業界の夜明けとなるプロジェクトを語る連載コラム シリーズ 動かす仕組み 第1回:アワードを通じた挑戦【ワイケープロデュース 営業部部長 猪股 進氏】

「アート作品」として広く認知されるために

3 月、エンターテインメントの聖地、ラスベガスで、5 日間にわたり開催されたトップクラスのフォトグラファーと最新技術、感性のぶつかり合う世界的展示会「WPPI(Wedding PortraitPhotographers International)」に、今年も参加しました。そこで見えてきたのは、デジタル時代だからこそ回帰する「物質としての写真」の価値です。イベントの目玉はフォトコンテスト「Icon Internation al Photography Awards」のライブジャッジで、審査員たちが目の前で作品を評価し議論を交わす。その様子はまさに手に汗握る真剣勝負。クリエイター達が「写真の力」を信じ、研鑽を積んでいることを確信させてくれる刺激に満ちていました。
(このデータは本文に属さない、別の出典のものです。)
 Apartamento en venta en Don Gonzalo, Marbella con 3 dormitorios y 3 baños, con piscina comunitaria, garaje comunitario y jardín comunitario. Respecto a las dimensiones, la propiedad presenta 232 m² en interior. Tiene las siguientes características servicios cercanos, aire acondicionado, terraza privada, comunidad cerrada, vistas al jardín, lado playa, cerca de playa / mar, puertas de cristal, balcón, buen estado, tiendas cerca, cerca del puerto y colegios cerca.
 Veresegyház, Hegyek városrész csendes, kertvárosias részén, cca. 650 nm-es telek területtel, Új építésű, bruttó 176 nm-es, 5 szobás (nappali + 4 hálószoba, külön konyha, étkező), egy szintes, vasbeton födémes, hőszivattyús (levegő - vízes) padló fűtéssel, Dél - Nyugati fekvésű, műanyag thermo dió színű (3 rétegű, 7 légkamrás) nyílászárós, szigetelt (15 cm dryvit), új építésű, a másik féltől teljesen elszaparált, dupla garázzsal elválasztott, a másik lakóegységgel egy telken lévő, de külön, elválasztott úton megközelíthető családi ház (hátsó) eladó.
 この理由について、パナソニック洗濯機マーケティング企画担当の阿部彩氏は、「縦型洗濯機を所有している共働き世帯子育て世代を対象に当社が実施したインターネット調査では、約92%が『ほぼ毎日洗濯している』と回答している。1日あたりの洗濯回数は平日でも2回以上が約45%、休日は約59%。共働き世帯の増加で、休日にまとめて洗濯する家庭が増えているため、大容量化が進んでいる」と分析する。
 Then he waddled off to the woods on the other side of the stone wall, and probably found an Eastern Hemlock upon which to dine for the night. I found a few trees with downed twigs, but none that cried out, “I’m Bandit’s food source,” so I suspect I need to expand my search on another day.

当社は創業以来、技術と表現の高みを目指す過程で、常にあるひとつの問いを抱いてきました。「これほど豊かな表現が、なぜブライダル業界という枠組みの中だけで完結しているのか。婚礼写真には、もっと広い社会にその魅力を届ける力があるのではないか」と。この命題に対する答えを探し、2016年から国内外のコンペティションへ積極的に挑戦を続け、今日までに累計300件以上の受賞という成果を積み上げてきました。しかしこれは単なる実績作りではありません。国際コンペティションという厳しい場所で腕を磨き続けていくことは、その変化の起点をつくり、業界の社会的地位を向上させる一つの使命であると考えています。

もし婚礼写真が単なる「当日の記録」を超えて、「結婚式の魅力を外へ発信する強力なメディア」として社会に広く流通するようになれば、状況は一変します。昨今、さまざまな理由から挙式を選ばないカップルが増えています。その背景の一つとして「結婚式がどんな体験なのか、想像できない」という情報の空白があると感じています。
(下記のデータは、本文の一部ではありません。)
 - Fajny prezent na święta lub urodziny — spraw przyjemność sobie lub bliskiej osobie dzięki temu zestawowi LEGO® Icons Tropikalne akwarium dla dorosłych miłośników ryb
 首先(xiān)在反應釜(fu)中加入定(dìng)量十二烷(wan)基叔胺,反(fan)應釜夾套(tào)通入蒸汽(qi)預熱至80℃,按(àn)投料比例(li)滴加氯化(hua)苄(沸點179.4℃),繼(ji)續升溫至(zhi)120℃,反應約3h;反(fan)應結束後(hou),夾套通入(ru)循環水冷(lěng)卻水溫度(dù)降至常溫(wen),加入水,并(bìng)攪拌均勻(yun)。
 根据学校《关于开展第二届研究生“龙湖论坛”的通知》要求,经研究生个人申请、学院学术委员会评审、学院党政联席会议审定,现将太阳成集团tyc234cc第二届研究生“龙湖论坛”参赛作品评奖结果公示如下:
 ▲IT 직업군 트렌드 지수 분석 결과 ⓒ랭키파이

婚礼写真が、フォトグラファーの表現力を通して外の世界へ届くことは、結婚式という体験の解像度を高め、憧れを燃焼させるはずです。弊社はアワードという挑戦を、結婚式自体の価値を広げるための文化的な投資として位置づけています。フォトグラファーの表現力が「集客の源泉」として評価されれば、業界全体のクリエイティブは加速し、結婚式業界の価値の構造そのものも劇的に変化するでしょう。

「婚礼写真をカタチに残す」という行為は、単なる商品の提供ではありません。私たちがコンペティションで磨いた表現力を、最高品質のプロダクトへと落とし込み、それを鑑賞体験として届ける。この一連のサイクルこそ、素晴らしい写真文化を次世代に向けてさせる鍵ではないでしょうか。